The TRP metabolites were measured by a previously described HPLC method [22 (link)]. Briefly, analytes were extracted from samples and calibrators/controls using Waters Oasis MCX extraction cartridges (Waters, Milford, MS). The eluent was then evaporated to dryness and reconstituted with 0.1 M PBS for injection into the HPLC system. Analyses were carried out on a Waters 2695 chromatograph with a 250 mm × 4 mm Supersphere 60 RP-select B, C8 column (Merck, Darmstadt, Germany) connected to a Waters 2487 dual-λ UV detector and a 2475 fluorescence detector. TRP (λex: 300 nm; λem: 350 nm) and 5-HIAA (λex: 300 nm; λem: 340 nm) were measured by fluorescence detection; KYN (365 nm), KYNA (330 nm), and 3-HK (365 nm) were measured by UV detection.
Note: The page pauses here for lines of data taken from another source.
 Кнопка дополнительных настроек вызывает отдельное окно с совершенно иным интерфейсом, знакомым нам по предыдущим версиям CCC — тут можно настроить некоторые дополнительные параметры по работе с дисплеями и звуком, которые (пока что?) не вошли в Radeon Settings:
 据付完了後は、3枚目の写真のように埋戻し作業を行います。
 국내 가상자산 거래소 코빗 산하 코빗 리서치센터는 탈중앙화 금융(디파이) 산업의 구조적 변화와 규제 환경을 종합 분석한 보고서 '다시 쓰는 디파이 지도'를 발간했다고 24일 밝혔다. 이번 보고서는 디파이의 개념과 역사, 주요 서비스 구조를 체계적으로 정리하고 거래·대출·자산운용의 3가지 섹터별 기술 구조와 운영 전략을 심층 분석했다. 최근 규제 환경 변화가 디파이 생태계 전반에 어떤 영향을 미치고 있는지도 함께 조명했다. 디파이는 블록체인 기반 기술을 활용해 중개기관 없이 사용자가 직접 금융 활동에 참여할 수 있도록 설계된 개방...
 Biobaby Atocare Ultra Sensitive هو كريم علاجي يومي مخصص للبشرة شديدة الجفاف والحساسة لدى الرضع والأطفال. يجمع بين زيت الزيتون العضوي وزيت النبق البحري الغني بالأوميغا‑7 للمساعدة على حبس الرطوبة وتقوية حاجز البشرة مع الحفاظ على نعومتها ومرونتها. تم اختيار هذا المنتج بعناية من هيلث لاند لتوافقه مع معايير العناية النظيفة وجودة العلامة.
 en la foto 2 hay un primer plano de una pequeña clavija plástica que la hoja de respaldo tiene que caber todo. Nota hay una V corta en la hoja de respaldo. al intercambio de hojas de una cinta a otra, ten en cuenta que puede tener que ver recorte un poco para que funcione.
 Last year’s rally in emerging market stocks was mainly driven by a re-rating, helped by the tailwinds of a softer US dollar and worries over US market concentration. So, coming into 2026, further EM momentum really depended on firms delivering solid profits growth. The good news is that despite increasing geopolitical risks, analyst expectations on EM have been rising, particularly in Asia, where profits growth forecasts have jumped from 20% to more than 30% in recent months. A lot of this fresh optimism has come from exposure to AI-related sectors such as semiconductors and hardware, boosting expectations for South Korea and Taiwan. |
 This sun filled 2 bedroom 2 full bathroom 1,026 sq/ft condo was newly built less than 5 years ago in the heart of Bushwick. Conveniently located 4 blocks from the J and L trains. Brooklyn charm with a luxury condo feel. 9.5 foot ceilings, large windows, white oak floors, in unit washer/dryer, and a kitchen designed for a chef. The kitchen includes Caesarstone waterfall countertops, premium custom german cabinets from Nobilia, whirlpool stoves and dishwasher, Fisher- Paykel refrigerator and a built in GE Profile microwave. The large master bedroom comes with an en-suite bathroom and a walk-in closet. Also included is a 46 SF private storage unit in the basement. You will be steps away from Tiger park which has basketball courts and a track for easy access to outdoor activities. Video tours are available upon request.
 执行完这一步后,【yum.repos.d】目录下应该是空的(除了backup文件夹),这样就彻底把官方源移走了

Data were processed using EMPOWER software (Waters). The concentrations were established through comparison of peak heights of the single analytes with the peak heights of the respective calibration curves, always including the internal standard into the calculation. The method has been validated showing good absolute recovery and precisions (e.g. for 3-HK: recovery of 85,8%, intra-day precision of 3.9%, and inter-day precision of 7.5%).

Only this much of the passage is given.